This summer, Tate St Ives invites audiences to explore motion in art through a new, interactive exhibition. Bringing together eight international artists, with pieces spanning 50 years, Images Moving Out Onto Space draws from the iconic to the specially commissioned works of Bryan Wynter, Bridget Riley, Rivane Neuenschwander, Liliane Lijn, Barbara Hepworth, Dan Flavin, John Divola, and Nicolas Deshayes. Through the careful curation of contemporary works, the galleries at St Ives are animated by light, colour and movement.
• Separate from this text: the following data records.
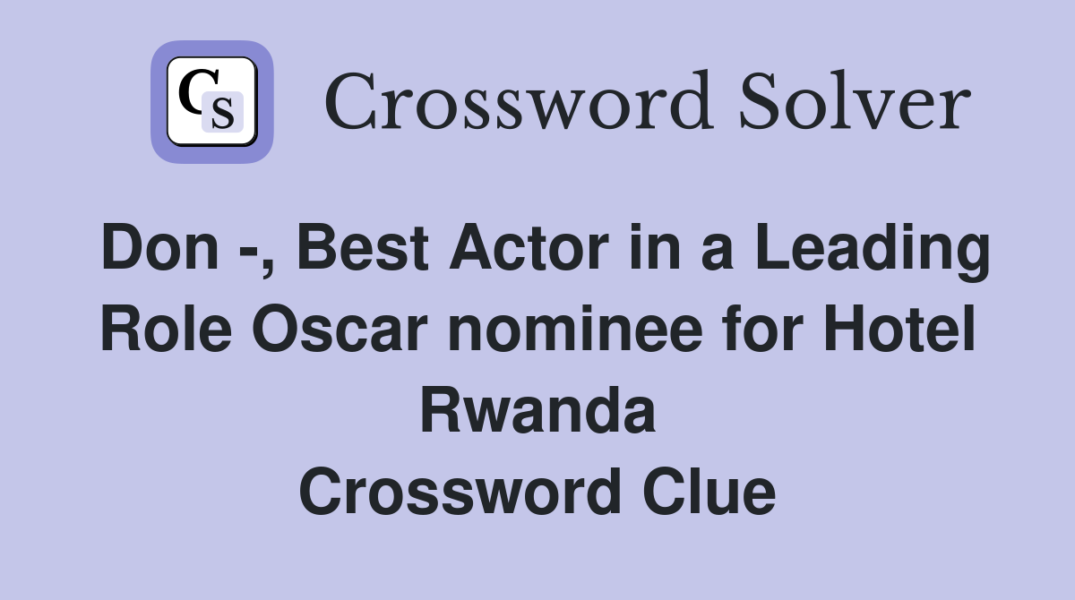 Don Best Actor in a Leading Role Oscar nominee for Hotel Rwanda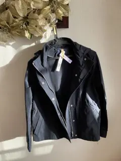 開閉はスナップボタン。両面に左右ポケット有。フードはファスナーで取外し可。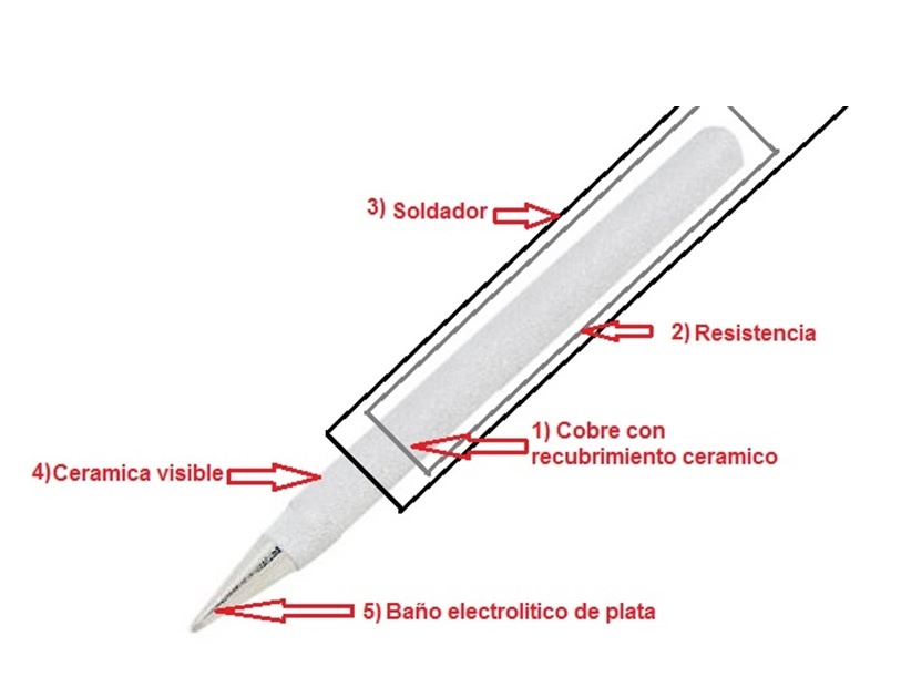 La punta en si (1) es un cilindro de cobre recubierto de cerámica, con una terminación cónica. El cobre es muy buen conductor del calor y la cerámica es un aislador del calor (pero no muy bueno) y de la electricidad. Un poco después de comenzar el cono se produce un baño (los fabricantes aseguran que es plata). Allí es donde se puede fundir la soldadura en alambre, quedando cargada sin oxidarse, si todo está a la temperatura correcta. El alambre de soldadura se une perfectamente con la plata y puede formar una pequeña bolita allí porque el estaño y el plomo son estructuralmente compatibles con la plata.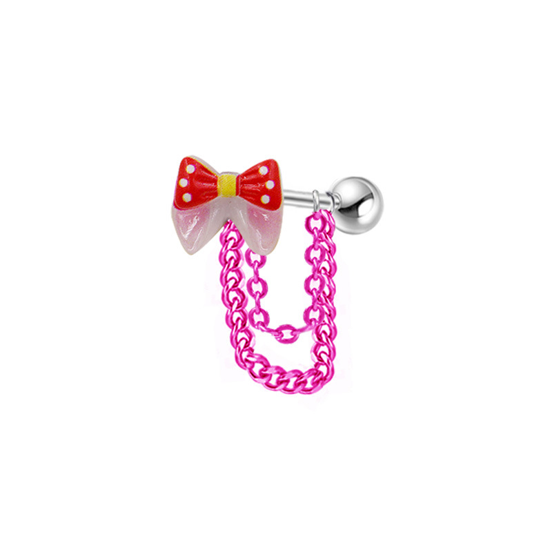 Titanium Steel Piercing Earring with Cloth & Glass & Resin Bowknot Unisex Sold By PC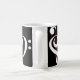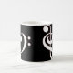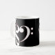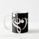 Clef Heart Mug features a heart formed by a treble clef and a bass clef in white outlined in red.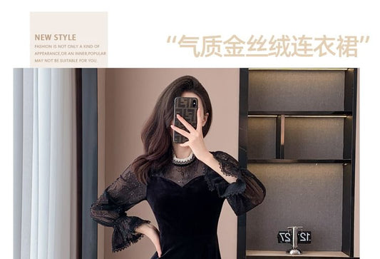 Long-Sleeve Crew Neck Lace Trim Velvet Midi A-Line Dress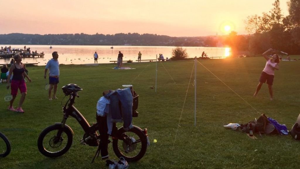 Badminton kann man fast überall spielen. Wir spielen in der Franz – Dietrich-Halle oder am Starnberger See.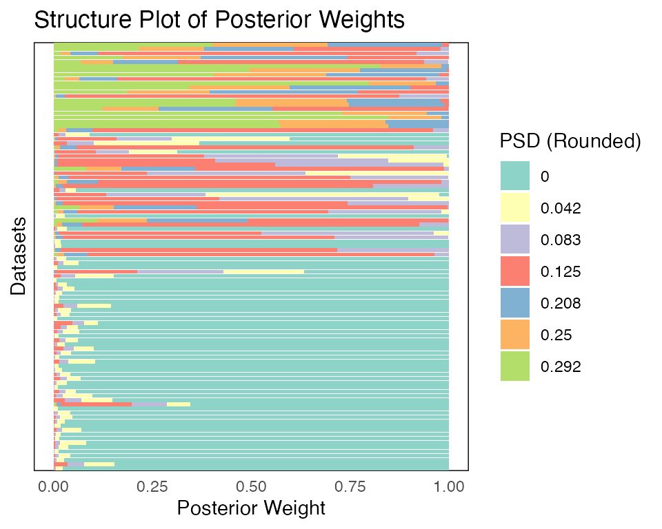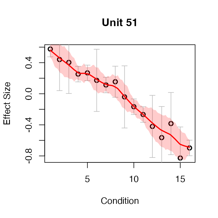 # num [1:100, 1:50] 0.648 0.648 0.648 0.648 0.648 ...Using these results we can visualize, for example, the posterior mean effect estimate:

The title and inspiration for Images Moving Out Onto Space is taken from a series of kinetic sculptures that Cornwall-based artist Bryan Wynter began to make in the 1960s. The artist’s Imoos series plays a key role in the exhibition, and encourages viewers to think about the role of abstraction in movement. In celebration of Wynter’s centenary year, the gallery also showcases a selection of the artist’s paintings alongside an archival presentation of his work in the Studio Resource Room.
Kinetic artist Liliane Lijn and Op art pioneer Bridget Riley are also in the exhibition line-up, both of whom are interested in perception, movement and the relationship of their work to the body of the viewer. Alongside a selection of Riley’s paintings, the display includes a collection of rarely seen prints from the mid-1960s, as well as Lijn’s familiar kinetic Koan sculptures. An expert in art and science, Lijn uses light and motion to focus the viewer’s attention on the power of light to describe form.
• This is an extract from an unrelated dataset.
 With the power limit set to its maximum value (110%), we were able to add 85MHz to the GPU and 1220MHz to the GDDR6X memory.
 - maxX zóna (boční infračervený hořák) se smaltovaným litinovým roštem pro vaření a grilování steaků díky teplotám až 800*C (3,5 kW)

An iconic installation by American minimalist artist Dan Flavin can also be found adorning the interior of the gallery. Part of the ARTIST ROOMS collection, the piece is comprised of a series of T-shaped structures of fluorescent lights and uses seriality to animate the space. Accompanying this is Rivane Neuenschwander’s I Wish Your Wish – a large-scale participatory work that consists of thousands of multicoloured ribbons, each stamped with one of 60 wishes gathered from local residents over the last few months. Throughout the course of the exhibition, visitors are invited to take a ribbon from the installation and participate in the literal movement of the work from the gallery to the town and beyond.
Meanwhile, Nicolas Deshayes, Tate St Ives’ recent artist-in-residence, continues his interest in the tensions between soft organic bodies and industrial surfaces. Deshayes has curated an exhibition-within-an-exhibition consisting of a personal selection of bronzes from the Tate collection. This is accompanied by John Divola’s 1970s photographic series of derelict Californian beach huts installed in the curved space overlooking Porthmeor Beach. Entitled Zuma, the works observe the slow decay of these structures as they are ravaged by fire, vandalism, and the artist’s own graffiti.
Images Moving Out Onto Space, until 27 September, Tate St Ives, Porthmeor Beach, St Ives, Cornwall TR26 1TG.